L’histoire débute sur la tentative de viol d’une jeune émigrée ukrainienne. Elle est enfermée dans une chambre, et celui qui veut la transformer en prostituée essaye de lui inculquer les règles de base selon lesquelles elle devra fonctionner à l’avenir. Malheureusement pour lui, il se retrouve avec un morceau de verre dans la gorge et son espérance de vie s’en trouve sérieusement diminuée. Ses deux complices interviennent alors et maîtrisent rapidement la pauvre fille, mais ils réalisent vite que ce ne sera pas suffisant. Le mort a un frère et ce frère les a chargés de veiller sur le petit dernier, un peu trop stupide pour le métier qu’il a choisi. Compte tenu du mauvais caractère du frangin, il paraît difficile de lui annoncer que benjamin vient de se faire égorger tandis qu’ils attendaient dans la pièce à côté. Ils décident donc de se débarrasser du cadavre, et de la fille.

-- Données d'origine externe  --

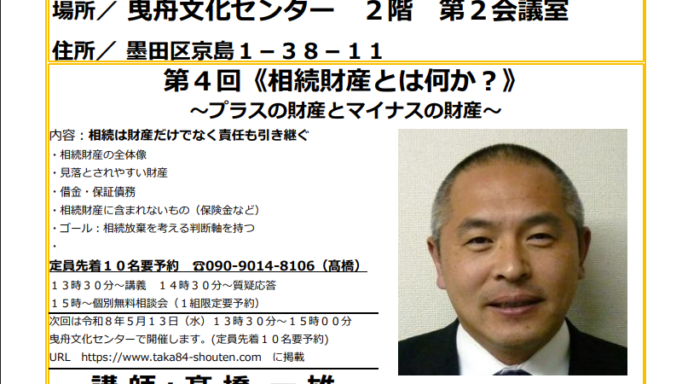 第111回 相続寺子屋東京主催「寺子屋区民講座」のお知らせ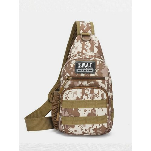 Рюкзак мужской тактический через плечо. Сумка-слинг. Цвет коричневый камуфляж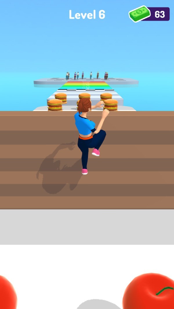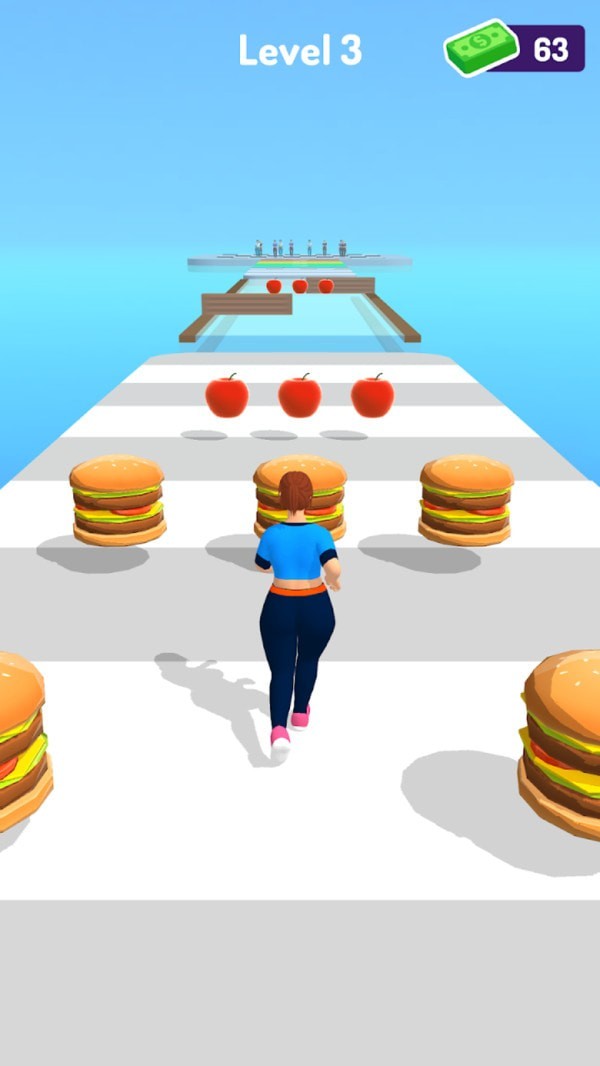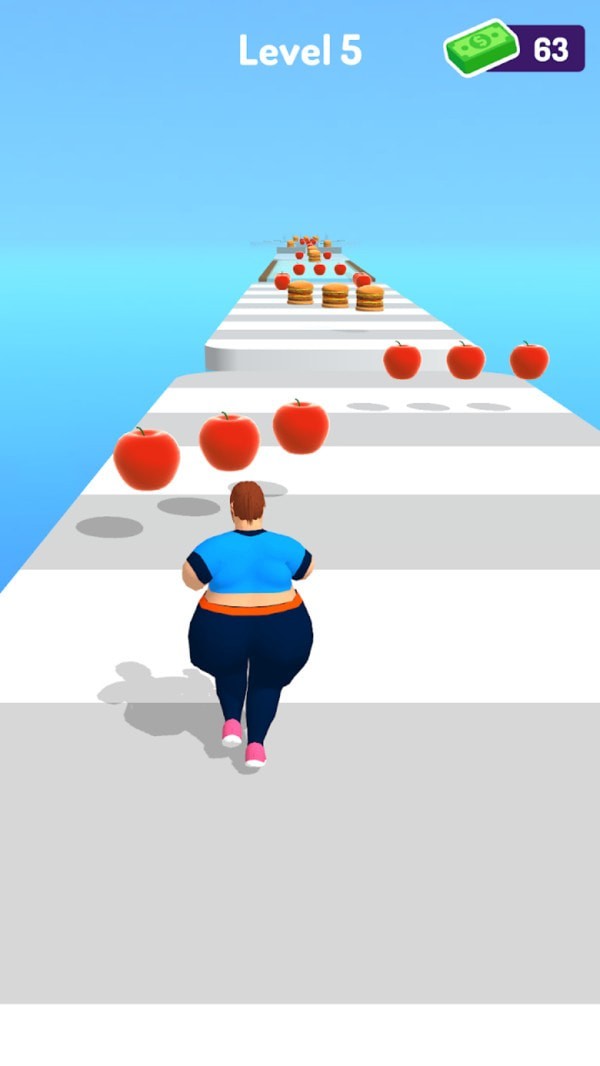游戏的核心玩法是控制角色在跑道上收集苹果等健康食物,同时避开汉堡包等高热量食品。苹果可以帮助减轻体重,而垃圾食品则会让角色变胖,影响移动速度。这种直观的体重变化机制让游戏目标清晰明确。

Sauf que la fille a la peau dure et leur échappe. Et que le grand frère découvre vite la vérité. Mauvais moment pour les deux gars qui n’ont que le temps de parler de la fille avant de rejoindre leur défunt collègue.
Partant de là, le roman se développe sur trois axes principaux : l’enquête de Jack Lennon qui devine qu’il y a une femme en fuite quelque part, la traque menée par le chef du gang des proxénètes qui veut retrouver cette femme pour lui faire comprendre qu’elle a commis une grave erreur en tuant son frère, et la fuite en avant de cette pauvre fille qui, croyant échapper à ses bourreaux, tombe de Charybde en Scylla et se retrouve bientôt entre les mains d’un psychopathe dont le rôle sur terre, croit-il, est de « purifier » les filles perdues en les aidant à rejoindre leur créateur.

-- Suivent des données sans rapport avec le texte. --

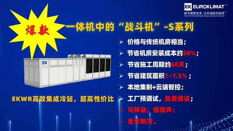 此次會議,EK首次推出了(le)號稱一體(tǐ)機中的“戰鬥機”——S係列雲智慧高效集成冷站,該係(xì)列(liè)集成(chéng)冷站最大的優勢就是采用EK自製冷卻塔,超高性(xìng)價比,價格與傳(chuán)統(tǒng)機房的造價相當,安裝(zhuāng)成本節省約50%,且冷卻塔與主機(jī)段采用一(yī)體化設計,是真正意義上的一體機。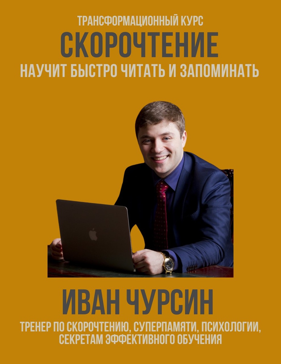 Иван Чурсин — педагог и психолог высшей квалификационной категории, тренер по скорочтению, суперпамяти и психологии эффективного обучения, практикующий с 2012 года. За годы работы обучение на его программах прошли более 200 000 человек. Курс направлен на развитие навыков быстрого чтения, запоминания и глубокого усвоения информации, повышение концентрации, продуктивности мышления и интеллектуальной эффективности. Подходит для предпринимателей, руководителей, специалистов, студентов и всех, кто работает с большими объёмами информации и стремится учиться быстрее и качественнее. Контакты по запросу.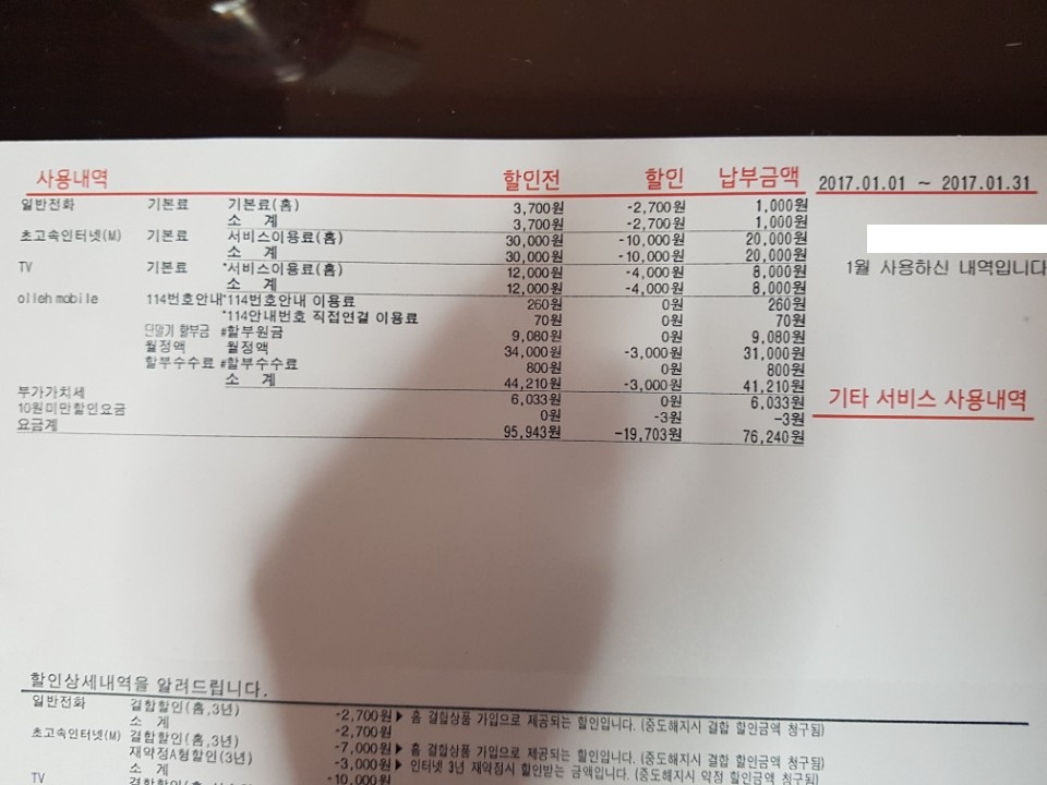 한달에 인터넷+티비+집전화 = 28000원에 이용중입니다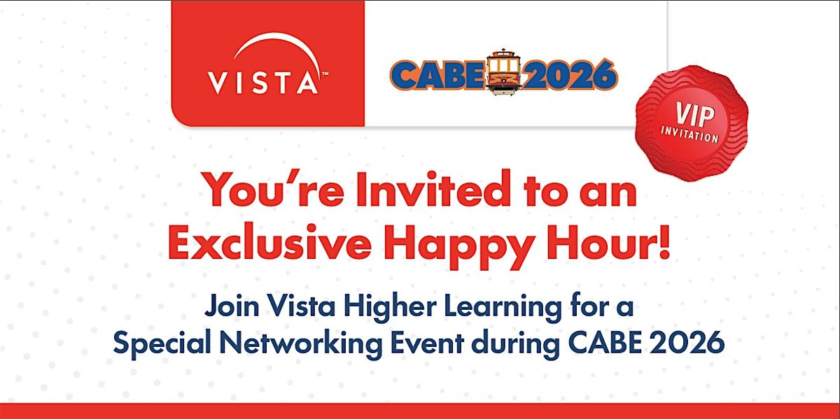 You’re invited to an exclusive VIP happy hour hosted by Vista Higher Learning during CABE 2026 Conference. Unwind after a busy conference day, connect with peers, and enjoy an easygoing, in‑person evening designed for conversation and community.

J’en ai déjà trop dit, vous avez les bases de ce roman, et de quoi saliver à l’idée de ce qui va se passer ensuite. Certains ont regretté que Stuart Neville ne se soit pas davantage appesanti sur les relations familiales de Jack comme dans les deux précédents romans, même si on trouve ça et là quelques allusions qui maintiennent le suspens sur ce qui va advenir de celles qu’il a laissées derrière lui, mais je crois que ce roman est en fait le véritable départ de la saga Jack Lennon. Après avoir posé les bases du personnage grâce à deux ouvrages solides, Stuart Neville fait là sa première incursion dans une enquête policière pure et dure (ce qui est tout de même la raison d’être et la fonction première de son héros) et le lecteur n’en sort pas déçu.
Au passage on découvre un Lennon capable d’aller bien plus loin que ce que la loi lui autorise, ce qui laisse présager de bien d’autres développements futurs.
Située dans Belfast et ses environs, cette histoire démontre une fois de plus que les auteurs irlandais sont là, et qu’ils tiennent le haut du pavé, avec notamment Ken Bruen et Declan Hugues pour n’en nommer que deux.
Comme eux, Stuart Neville vient nous démontrer que l’Irlande est un pays où la violence demeure sous-jacente après des années de guerre civile et qu’il existe des écrivains de talent pour nous en parler. Stuart Neville est de ceux-là. Il s’est déjà imposé avec ses deux premiers romans, ce troisième dans le genre vient confirmer qu’il se place parmi les leaders dans son domaine. Gageons qu’il n’a pas fini de nous étonner.